昨年ジュニアチームで指揮を執る1年目だった小川監督。長く野球界に身を置いているが、「去年、こんな恐ろしいことが起きて…」と、改めて野球の恐さを味わった話がある。

昨年の12月28日に行われたトーナメント初日、バファローズジュニアは横浜DeNAベイスターズジュニアと初戦を戦った。ベイスターズジュニアの監督は秦裕二氏、コーチは松井飛雄馬氏が務めており、小川監督がベイスターズで選手、コーチとして在籍していた時に関わっていた2人との対戦でもあった。

3回までで6得点と試合の主導権を握り6−2で迎えた最終回、「2アウトランナーなし。ここからだったんです」と語り、ここで予想だにしないことが起きた。

「フォアボールとヒットで1・2塁。
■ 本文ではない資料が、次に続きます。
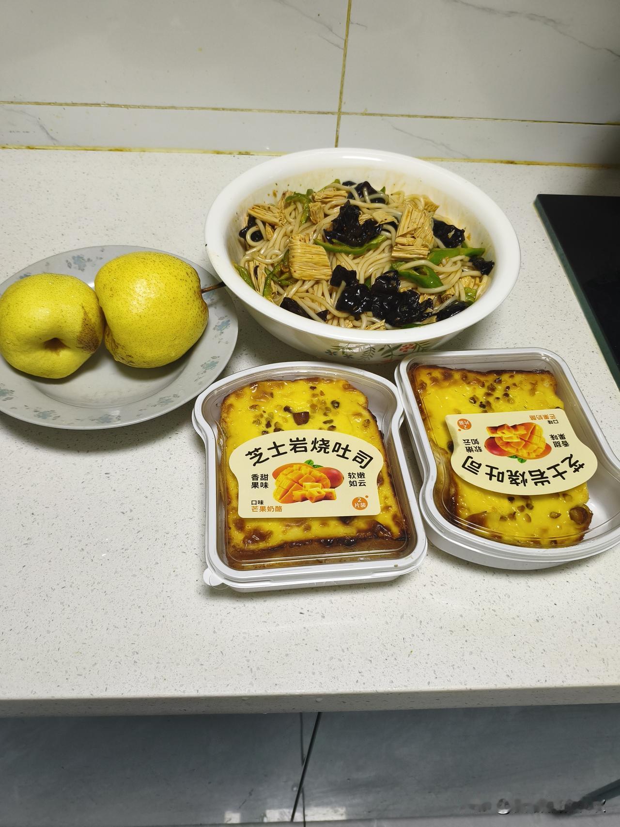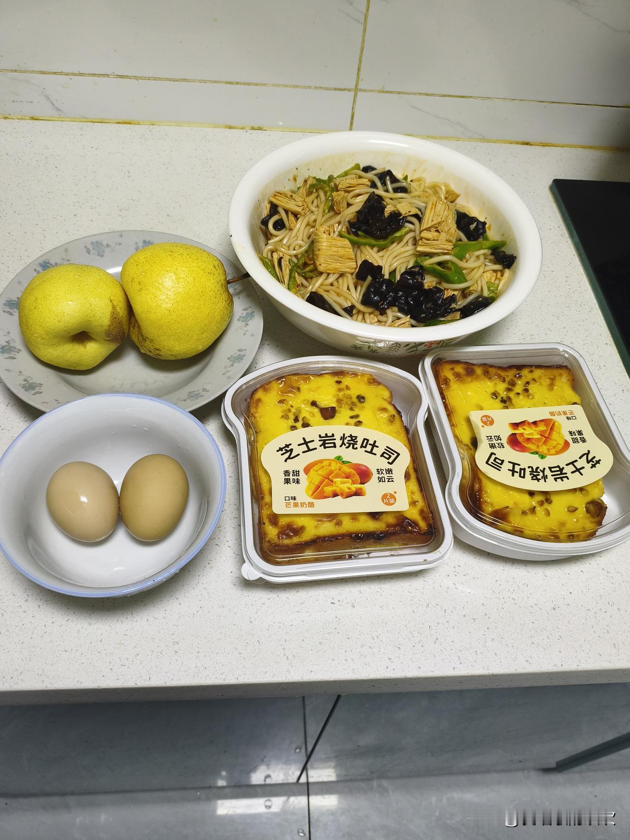 我计划,今天早餐就吃一块面包,半碗菜。如果不够,就再吃一个梨子。

次の打者にライト前を打たれたんですが、機転を効かせてライトゴロを狙って1塁へ投げたんです。ファーストも一生懸命体を伸ばしたんですが、足が離れてしまいセーフ。ここでノーアウト満塁ですよ…」

会場は横浜スタジアム。地元のチームで他チーム以上にたくさんの応援がいた”完全アウェー”の状態。流れは完全に相手へと行っていた。
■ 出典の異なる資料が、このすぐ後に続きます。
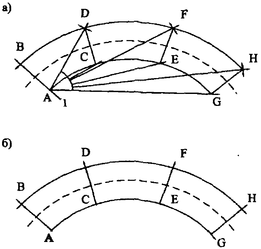 4.1.4. Для криволинейных в плане балочных пролетных строений предусматривают полюсно-лучевое или тангенциальное расположение опорных частей (рис. 1).

「ここでまさかの満塁ホームランで同点。もう会場は大盛り上がりですよ。同点に追いつかれて次の回に延長タイブレークでサヨナラ負け。こんなことが起きるんやなと。改めて勝負の恐さ、野球の恐さを思い知りましたね」

試合後は選手たちみんなが涙した。その時に小川監督はある言葉を伝えた。

”一球を疎かにする者は一球に泣く”

「高校時代(拓大紅陵)の恩師で、私たちを甲子園へと導いてくれた小枝守監督からいただいた言葉です。もちろん選手たちは決して疎かにはしていないですが、これからの野球人生を送るにおいて頭の片隅にでも置いておいてほしいなと思い、子どもたちに伝えました」

これまで10年以上の間、指導者としてプロそして子どもたちといった多くの選手と向き合ってきた。自身が伝える1つ1つの発言が今後の選手の人生を左右する。その重みを理解した上でのメッセージであった。

子どもたちの未来に向けた”言葉”を贈った

「私は言葉の力ってとても大きいと思っているんです。何かあった時に思い出して技術の向上、さらには今後の人生に繋げて行ってほしい。そう思っています」

6年生の選手はこの悔しさを胸に小学校を卒業し、今は中学校でボーイズ・シニアなどそれぞれの舞台で鍛錬を積んでいる。小川監督もこの経験は今後に活きると、卒業した今も期待を寄せている。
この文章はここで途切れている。